This repository contains source code for the paper Optimal Control for Kinematic Bicycle Model with Continuous-time Safety Guarantees: A Sequential Second-order Cone Programming Approach. The repository contains both Python3 and MATLAB code.
If you use this code, we would appreciate it if you cited the paper as follows:
@ARTICLE{freire2022optimal,
author={Freire, Victor and Xu, Xiangru},
journal={IEEE Robotics and Automation Letters},
title={Optimal Control for Kinematic Bicycle Model With Continuous-Time Safety Guarantees: A
Sequential Second-Order Cone Programming Approach},
year={2022},
volume={7},
number={4},
pages={11681-11688},
doi={10.1109/LRA.2022.3204903}
}
For more information about our work, please visit ARC Lab@UW-Madison.
The repository is structured as a Python3 package. Thus, you can run the following command to install the dependencies.
pip3 install -r requirements.txt
For cvxpy, we recommend using MOSEK noting that you will need a license (free academic license available). We also tested ECOS with satisfactory performance.
For a quick-start, inspect the file examples/fig_s.py
and run it with:
python3 examples/fig_s.py
The output should be a trajectory file traj_figS.csv
with the generated state-space
trajectory and the following plot of the x-y trajectory.
Note that this example uses matplotlib for visualization.
The MATLAB implementation requires a working installation of YALMIP and we recommend using MOSEK. noting that you will need a license (free academic license available). However, any second-order cone programming solver should also work.
Also required is the B-splines Add-On by Levente Hunyadi.

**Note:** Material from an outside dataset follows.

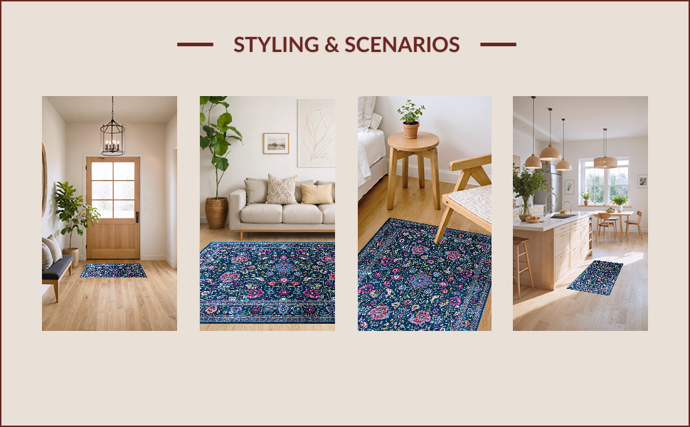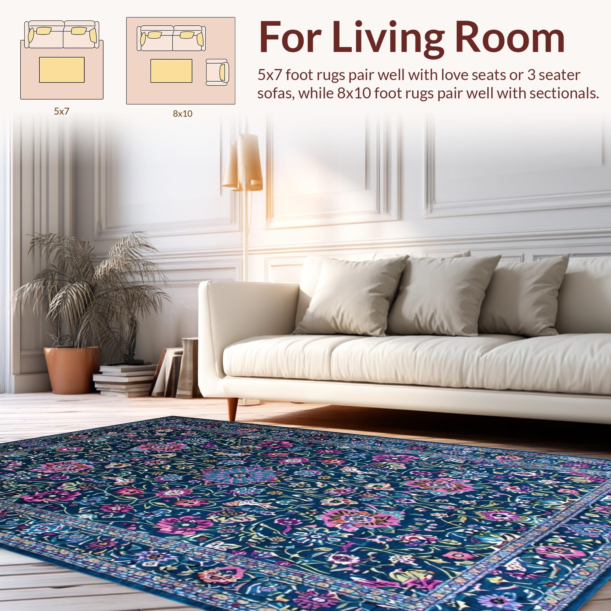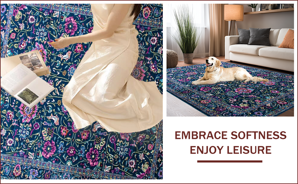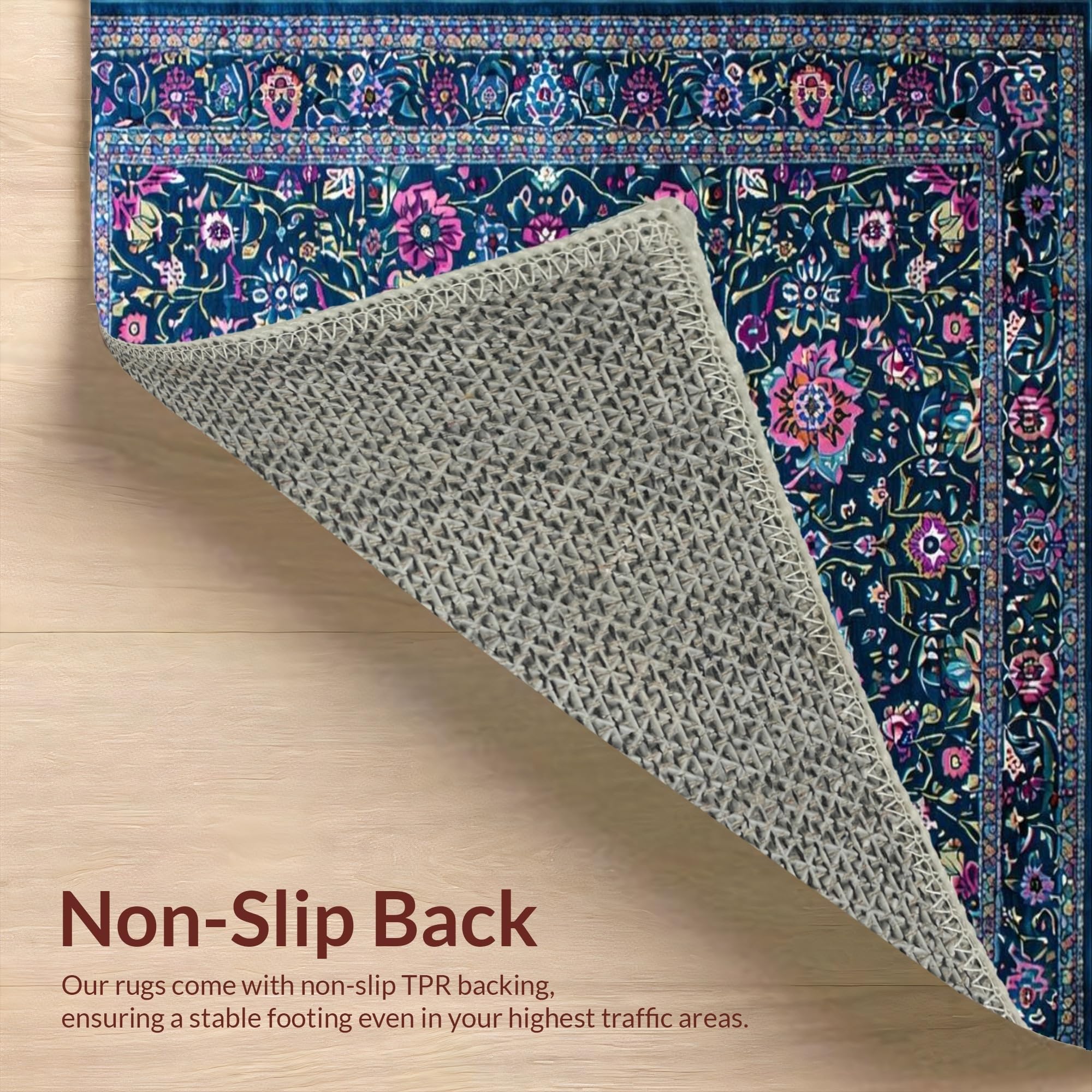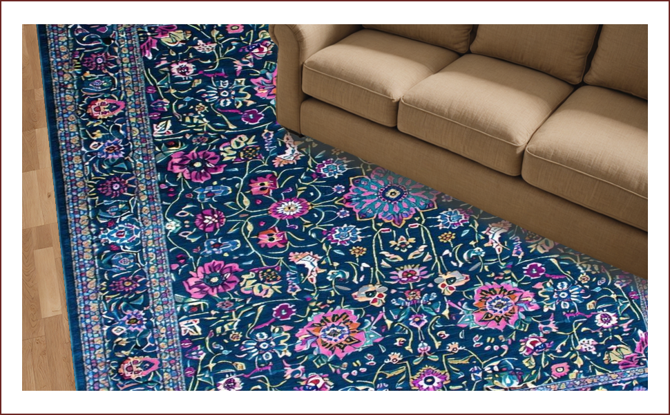 Ultra Soft Area Rug, Non Slip, Stain Resistant, Washable Area Rugs for Living Room, Bedroom, Vibrant Paisley Artistry Palette(Blue) Overview:

You might also find the following MATHWORKS toolboxes useful/necessary:
- Optimization Toolbox
- Symbolic Math Toolbox
- Control Systems Toolbox
The package is lightweight and there is no installation beyond adding the following folders to your path:
addpath(userpath+"\FlatVCP\matlab\bspline")
addpath(userpath+"\FlatVCP\matlab\vcp_bk")
Then, you need to compile the SOCPs into YALMIP
optimizer objects by running
matlab/vcp_bk/vcp_bk_compile.m
. This will generate vcp_bk_compiled.mat
which will later be
sourced to avoid re-compiling the SOCPs at each solve time.
For a quick-start, inspect the file matlab/vcp_bk/vcp_bk_example.m
and run it.
You should see the following plots.
This work was supported by the University of Wisconsin-Madison and SAE/GM AutoDrive Challenge Series II.